Breadth-first lets you stop at a fixed depth without losing nodes at that depth — useful for "show me the first 3 levels".

Cache interaction

Every browse() / browseAll() call hits the PSR-16 cache by default. A recursive walk benefits enormously: the second walk over the same subtree (no schema change in between) is mostly cache hits.

For a one-off inventory job:

• Leave caching on (InMemoryCache is the default).
• If the job is in a short-lived script, the cache adds no value — the second walk does not happen — but it also adds negligible cost.

For a periodic discovery worker:

• Use a persistent cache (FileCache, Redis) via setCache(). The cost amortises across runs.
• Invalidate on schema deploys with $client->invalidateCache($root) or $client->flushCache().

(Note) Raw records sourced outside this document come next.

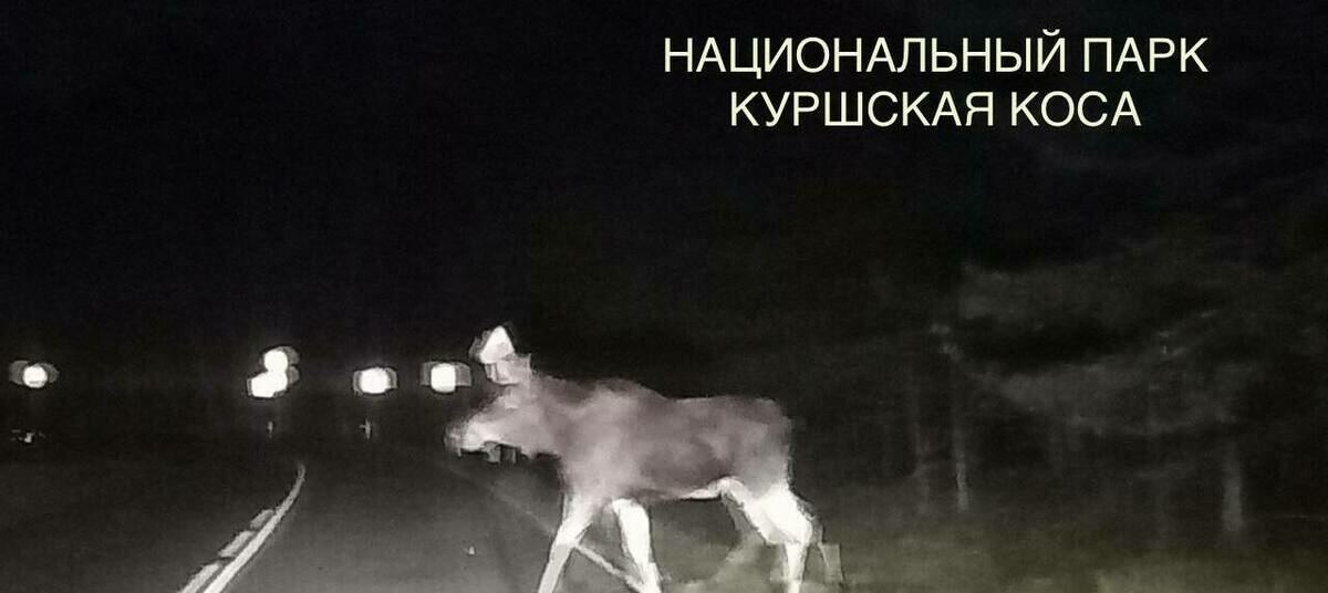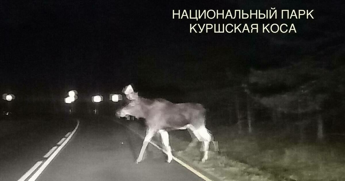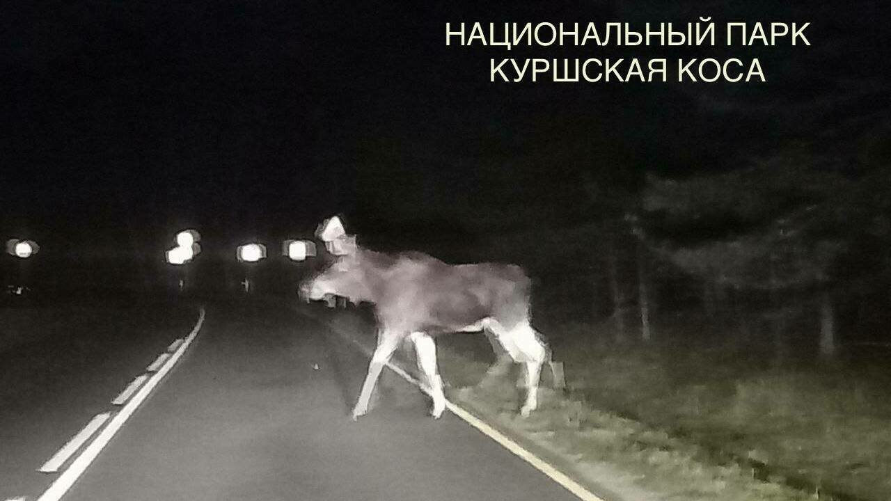 На Куршской косе ночью у дороги заметили двух лосей с детёнышем. Об этом сообщает пресс-служба нацпарка в четверг, 4 декабря.
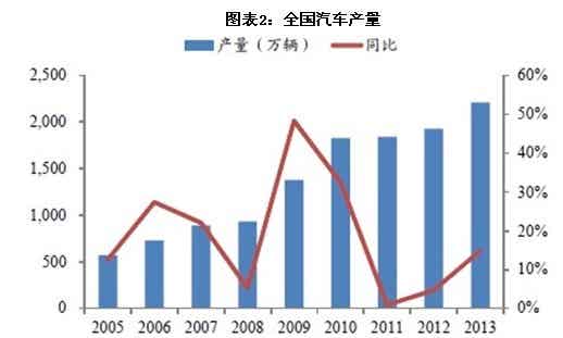 我國已成為全球最大的汽車銷售市場,2013年我國汽車民用汽車保有量達到近1.3億量,增長超過15%,汽車產銷量達到2198萬輛,同比增長6.6%,按照12V80Ah的規格計算,2013年汽車啟動電池的需求約為9197萬千伏安時,預計未來兩年汽車啟動電池市場將保持10%-15%的增速。
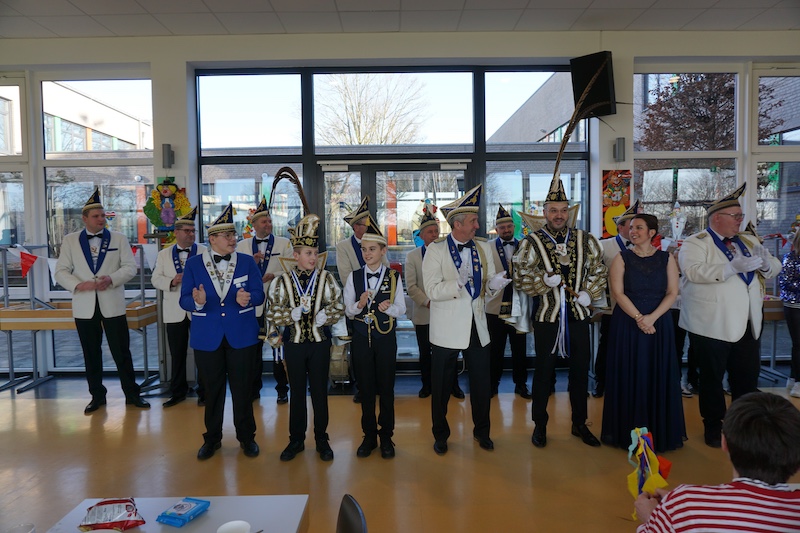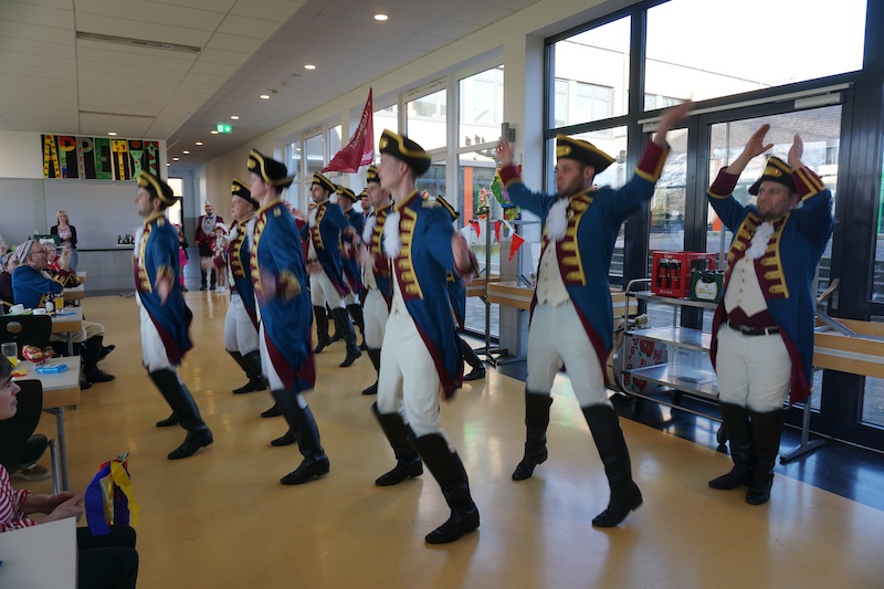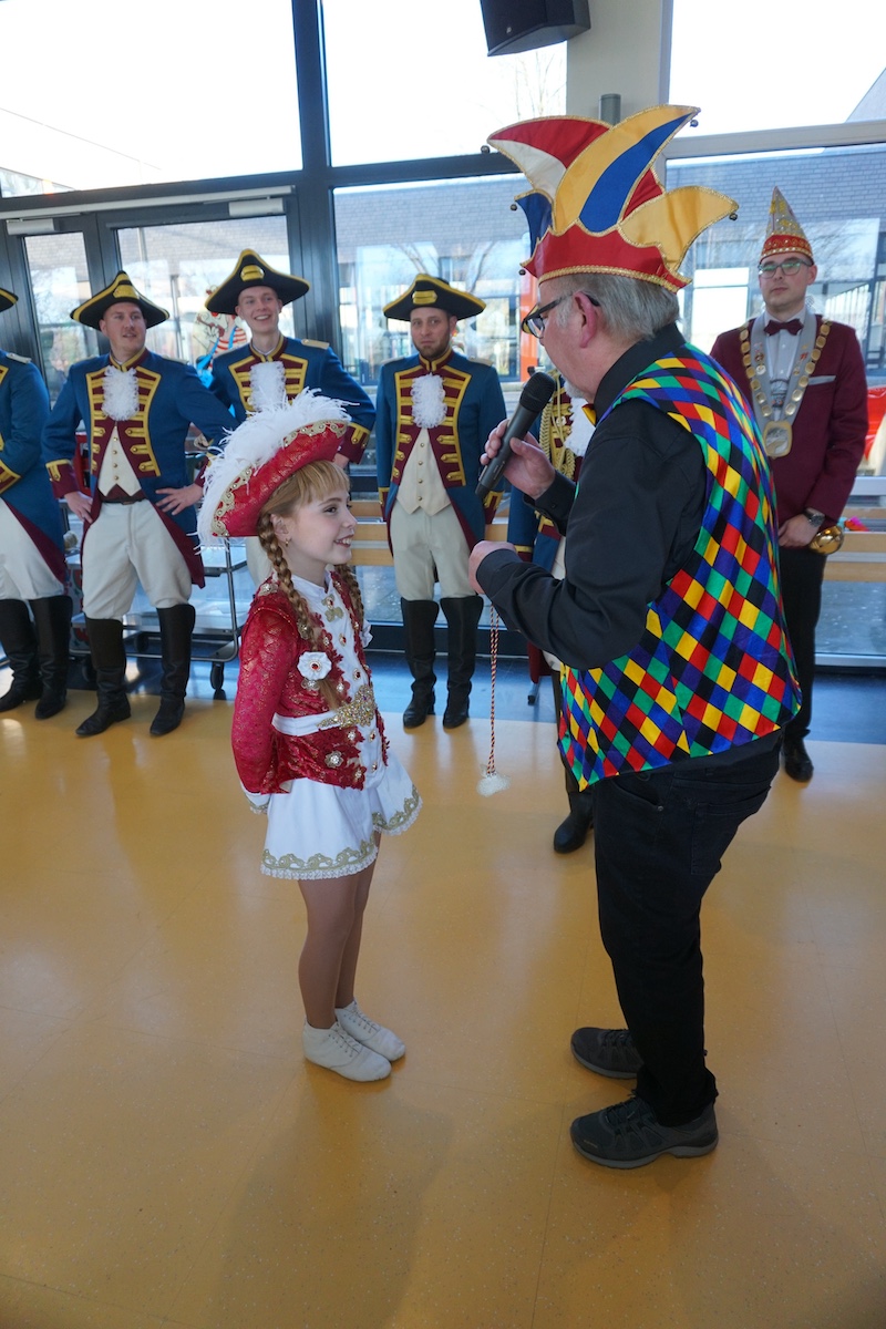 Dann übernahm Sitzungspräsident Arno Vraetz die Regie und führte durch ein abwechslungsreiches Programm. Die Kluser Pappmule aus Haaren marschierten ein mit ihrer Präsidentengarde und dem Elferrat. Sie hatten ihr Tanzmariechen Juliane Mengeler mitgebracht, dass einen tollen Tanz mit zahlreichen akrobatischen Einlagen zeigte. Das Publikum war begeistert. Dann waren die großen Kerle der Präsidentengarde an der Reihe und wussten mit ihrem Gardetanz zu überzeugen.

See Observability · Caching.

Choosing a nodeClassMask

OPC UA browse returns Variables, Objects, Methods, Views, Types — by default, all of them, including the type definitions of every node visited. That balloons the result set.

Two common masks:

// Just folders and devices — for tree navigation
$mask = NodeClass::Object->value;

// Just data — for inventory of every tag in a plant
$mask = NodeClass::Variable->value;

// Both — when you want the structure and the leaves
$mask = NodeClass::Object->value | NodeClass::Variable->value;

Cutting Type and Method from the mask typically cuts result-set size by 30-60% on industrial servers.

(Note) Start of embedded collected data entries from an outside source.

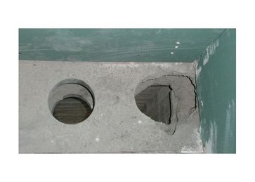 - Безопасность работ для человека и окружающей среды. На примере хорошо видны различия между отверстием сделанным с использованием обычного перфоратора и отвестием сделанным алмазной сверлильной установкой.
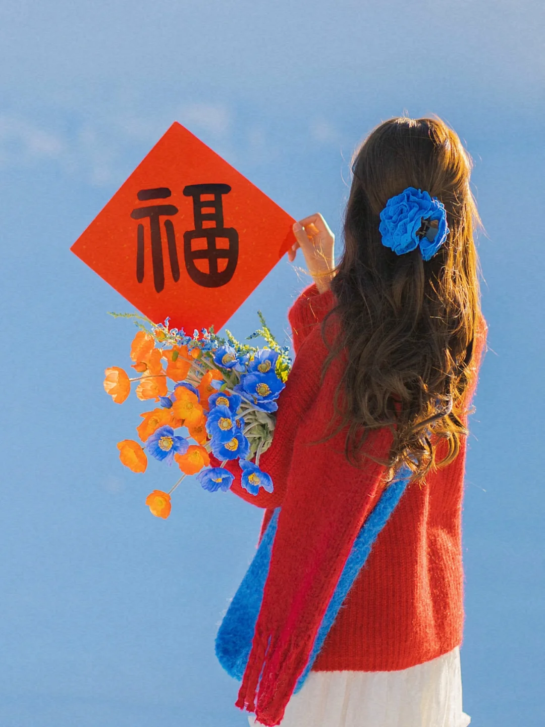 拿上新年福字,即使不露脸,
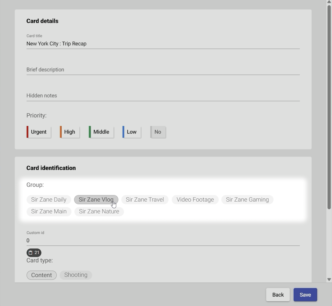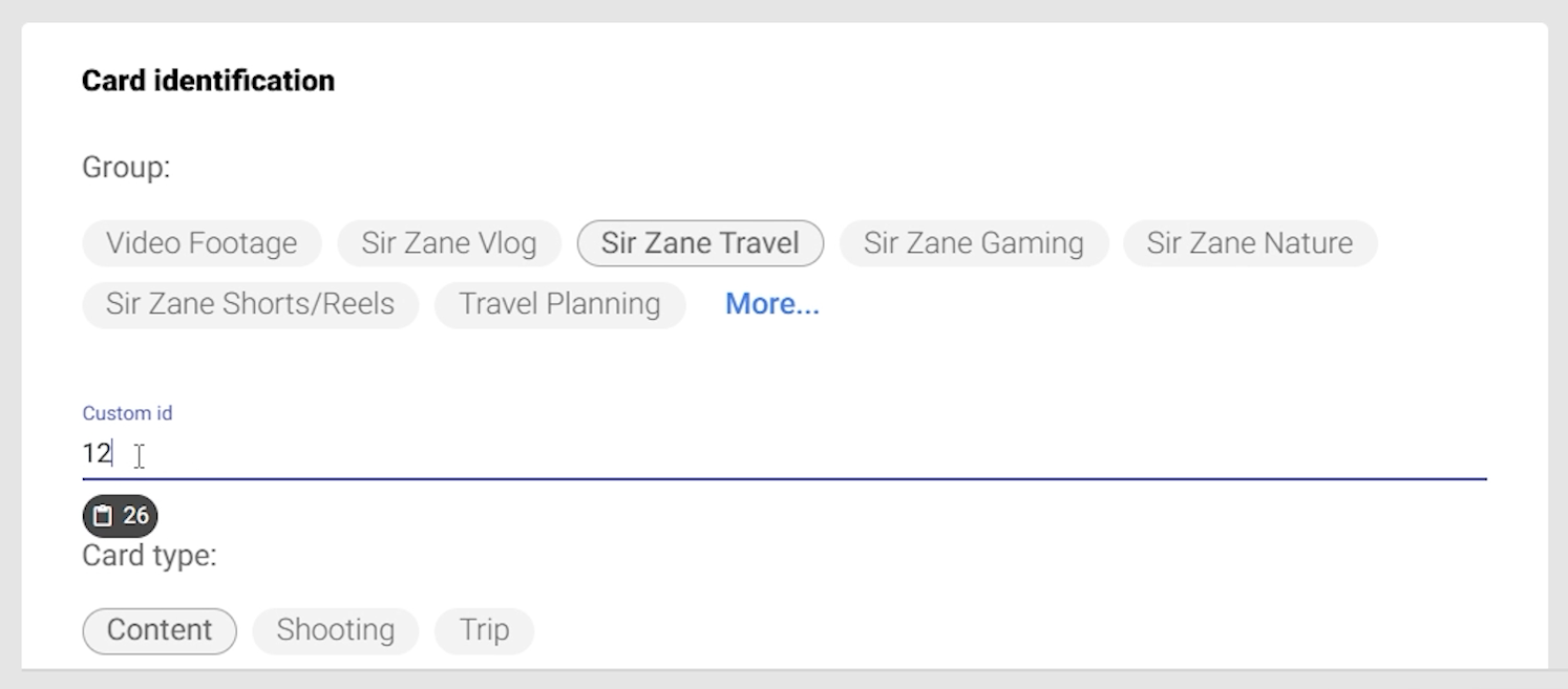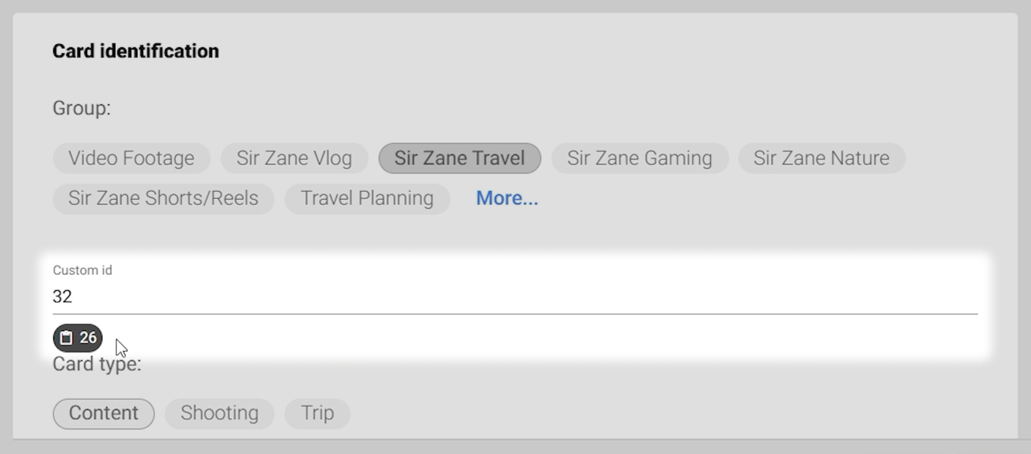 When you assign or change a group, the card's custom ID will automatically update to the next number in that group—keeping everything orderly and easy to track. You can also change the suggested ID if needed.

Cycle detection in browseRecursive

The built-in browseRecursive() tracks NodeIds it has already visited and short-circuits. The streaming patterns above replicate that — do not assume the server publishes a tree. Two real-world shapes that loop:

• An object has a HasNotifier reference back to its parent device.
• A type definition references itself transitively through HasSubtype and HasComponent.

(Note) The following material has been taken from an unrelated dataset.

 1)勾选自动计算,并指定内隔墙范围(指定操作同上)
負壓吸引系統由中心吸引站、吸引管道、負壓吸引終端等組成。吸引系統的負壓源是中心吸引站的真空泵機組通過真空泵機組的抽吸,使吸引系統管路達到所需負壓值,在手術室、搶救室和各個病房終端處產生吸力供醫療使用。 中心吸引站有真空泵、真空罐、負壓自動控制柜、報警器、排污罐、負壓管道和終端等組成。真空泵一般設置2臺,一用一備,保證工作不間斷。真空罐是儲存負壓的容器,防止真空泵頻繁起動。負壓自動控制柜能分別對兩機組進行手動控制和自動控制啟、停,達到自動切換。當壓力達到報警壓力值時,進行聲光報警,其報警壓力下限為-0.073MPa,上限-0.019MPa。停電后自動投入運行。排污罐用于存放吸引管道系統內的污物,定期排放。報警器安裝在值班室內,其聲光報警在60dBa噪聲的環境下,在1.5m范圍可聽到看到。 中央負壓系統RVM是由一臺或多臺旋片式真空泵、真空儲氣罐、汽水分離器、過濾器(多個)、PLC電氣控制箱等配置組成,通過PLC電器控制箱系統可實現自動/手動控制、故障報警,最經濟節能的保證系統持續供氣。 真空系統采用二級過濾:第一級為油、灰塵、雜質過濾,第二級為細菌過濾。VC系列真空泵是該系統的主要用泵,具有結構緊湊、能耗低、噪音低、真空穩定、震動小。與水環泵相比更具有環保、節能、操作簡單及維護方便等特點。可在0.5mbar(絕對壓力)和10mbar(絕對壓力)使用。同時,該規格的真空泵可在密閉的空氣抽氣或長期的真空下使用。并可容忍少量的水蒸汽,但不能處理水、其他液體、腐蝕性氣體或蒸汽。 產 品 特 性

Without cycle detection, both walk forever.

Performance numbers (ballpark)

Real-world numbers from the library's integration suite (LAN attached UA-.NETStandard server):

The streaming pattern is roughly the same speed (the wire traffic dominates), but holds constant memory.

When not to walk

If the address space is well-known and stable, hardcode the NodeIds in configuration. The library is fast enough that resolving them at startup with resolveNodeId() is fine; recursive discovery is for inventories and unknown servers.